J. Woolsey Shepard, for plaintiff.
Alexander Campbell, for defendants.
The plaintiff in this action, James G. Mundy, brings suit in this court to recover $2,000, protest fees and interest, upon a certain promissory note, made and indorsed by these defendants. Payment is resisted upon the grounds that the note was without consideration, and that the plaintiff, coming into possession of the same after it had been dishonored, received it subject to all the equities of the antecedent holders. The facts, in so far as they are necessary in the decision of this case, are either admitted or established by the evidence produced upon the trial, and they show that on the 1st day of September, 1892, Harry G. Barber, who had been carrying on the business of a dealer in coal in the city of Brooklyn, under the name of Alfred Barber's Son, entered into a copartnership with Pansy B. Pritchard, wife of the defendant, Robert K. Pritchard, for the purpose of dealing in coal, such firm being known as Barber Pritchard. In the articles of agreement between them it was stipulated that Pansy B. Pritchard was to procure and pay for the services of Robert K. Pritchard "out of her proportions of the profits of said business," and he was to be known as the manager of the business. Barber contributed to the capital of the firm, the horses, carts, etc., at a valuation of $4,000, and Mrs. Pritchard paid in $3,000 in cash and a note for $1,000. It was agreed between the parties that in the event of any disagreement as to the affairs of the company, Barber was to have "full power and authority to settle the same," and each party was entitled to draw from the assets the sum of $200 per month, and no more, from the 1st of September, 1892. The $3,000 invested by Mrs. Pritchard was furnished by Mrs. Mary Moore Pritchard, one of the defendants in this action, and the mother of Robert K. Pritchard, the codefendant. Barber was an old and trusted friend of the family, and soon after the firm of Barber Pritchard entered into business, Mrs. Pritchard, the defendant, had a conversation with Barber, in which she questioned the propriety of putting so much money into the business, as Robert K. Pritchard was not a bookkeeper or business man, and he was, therefore, at a disadvantage. Barber assured her that he would look after the money which she invested, and that as his bookkeeper was an honest man, who was under obligations to him, everything would be all right.

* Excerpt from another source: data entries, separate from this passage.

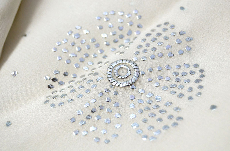 Today there are just a few craftsmen who keep this generational skill in tiny workrooms in the Chowk area in the city. A luxury pursuit created at first exclusively for the nobility, mukaish is one of Lucknow’s most delectable embroidery traditions since the 16th century. In its heyday the artisan only worked with real gold and silver threads to painstakingly create this canvas of ‘starry’ beauty. The three-step process involves Chapaayi (Printing the Design), Takaayi (Embedding the Metal Wires) and Ghutaayi (Polishing for the Shine). Kamdani is a more elaborate and intricate form of Mukaish work as opposed to Fardi Ka Kaam.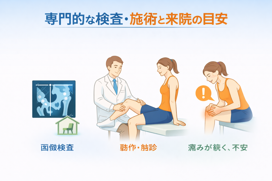 痛みが長期間続く場合や、歩行がしづらい、動かすたびに不安があるといった状態が見られる場合は、専門家へ相談する選択肢もあると言われています。体の使い方や関節の状態を総合的に確認することで、今後のケアの方向性が見えやすくなることもあるようです。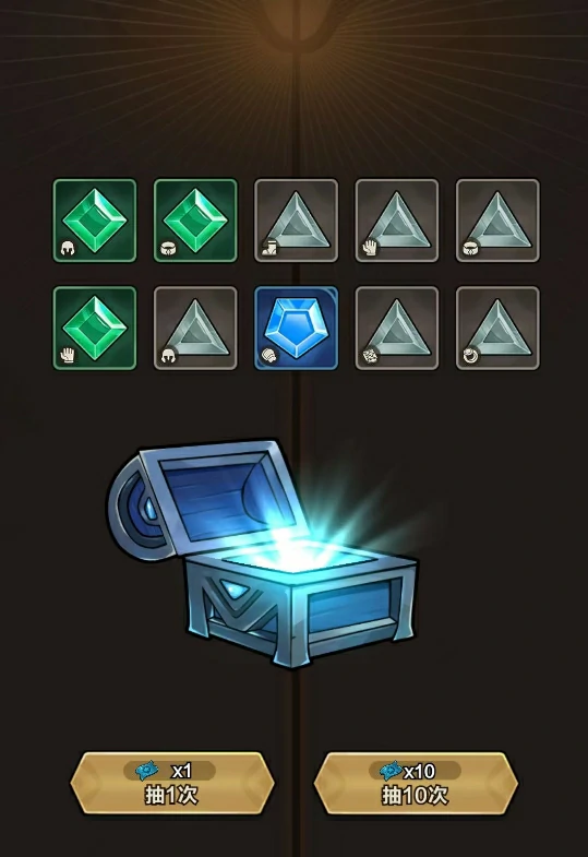 如果想要获取更多技能与宝石,玩家可以在商店界面通过技能召唤、宝箱抽取来实现。技能召唤会产出技能碎片,用于技能的升级进阶;宝箱则能开出不同品质的宝石,用不到的宝石还可以进行合成,这也是玩家中后期获取优质宝石的主要渠道。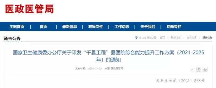 11月3日,国家卫生康健委印发《“千县工程”县医院综合能力提升事情计划(2021-2025年)(以下简称《事情计划》)。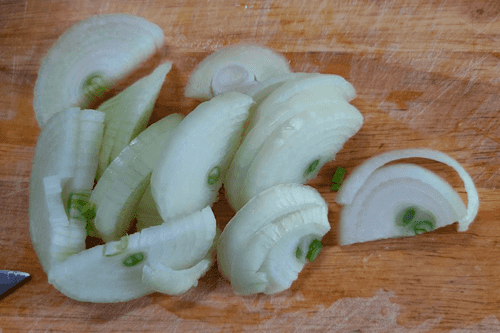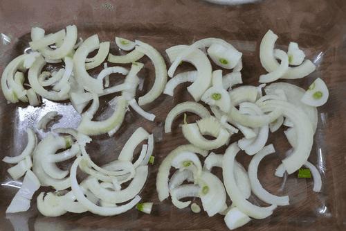 Лук нарезать полукольцами.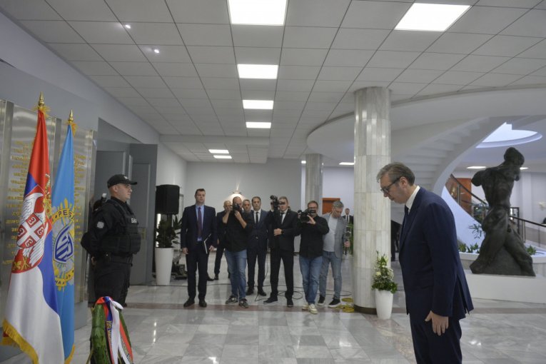 Nakon obraćanja, predednik BIA Vladimir Orlić uručio je zlatnu medalju za posebne zasluge predsedniku Srbije Aleksandru Vučiću.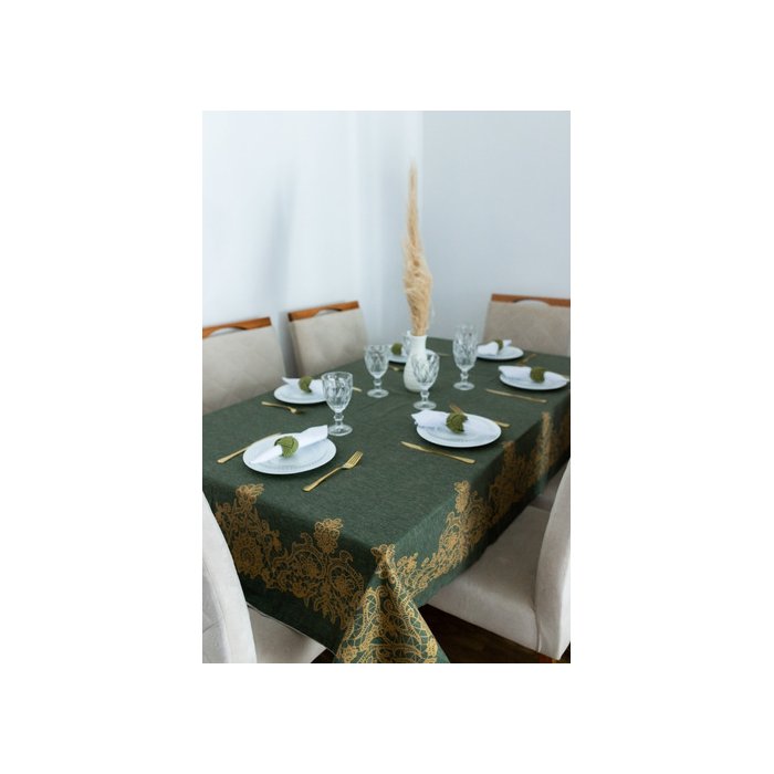 Toalha de Mesa Arabesco Dourado Natalino 2,70x1,60m – Elegância e Sofisticação para Sua Mesa!

In December, 1893, Mrs. M.M. Pritchard was informed by Barber that her son had withdrawn all of his wife's capital in the business, and on the 29th day of December, 1893, as the attorney in fact of her husband, Stephen Pritchard, she loaned the firm $4,845.83, the proceeds of a $5,000 note she had discounted to raise the money, and which she afterward paid. An account was opened with the firm in the name of S. Pritchard, and he was given credit for this amount, the sum being afterward reduced to $4,678.30, by reason of coal which was delivered and charged to his account.
During the month of September, 1895, Mrs. M.M. Pritchard made her accommodation note for $5,000 for the benefit of the firm, and had it discounted at the Bedford bank. She turned over the proceeds, as she supposed, to the firm, by check dated 18th September, 1895, drawn to the order of Alfred Barber's Son, for $4,899.17. The firm was to take care of this note. This note was renewed from time to time until in July, 1896, it was divided into two notes of $2,500 each, still in the Bedford bank, one due in two and the other in three months.
About the time of the maturity of the two months' note, Robert K. Pritchard told his mother of a conversation with Barber, in which it was proposed that Barber should get a note for $2,500 discounted somewhere in New York city, and with the proceeds take up the $2,500 note maturing on the 14th in the Bedford bank, with a view of improving her credit in that institution by the retirement of one of the notes which they were carrying in that bank. Mrs. Pritchard consented to this proposition, made her note for $2,500, and delivered the same to her son, who gave it to Barber, who indorsed it and pretended to try and have it discounted in New York city. He reported to Pritchard, and at another time to Mrs. Pritchard, that he could not get the note discounted, and promised to return the same to the maker. Accordingly the note in the Bedford bank was renewed. It appears from the evidence that Barber did, as a matter of fact, discount this note with the Oriental bank, in the city of New York, the proceeds passing to the credit of Alfred Barber's Son.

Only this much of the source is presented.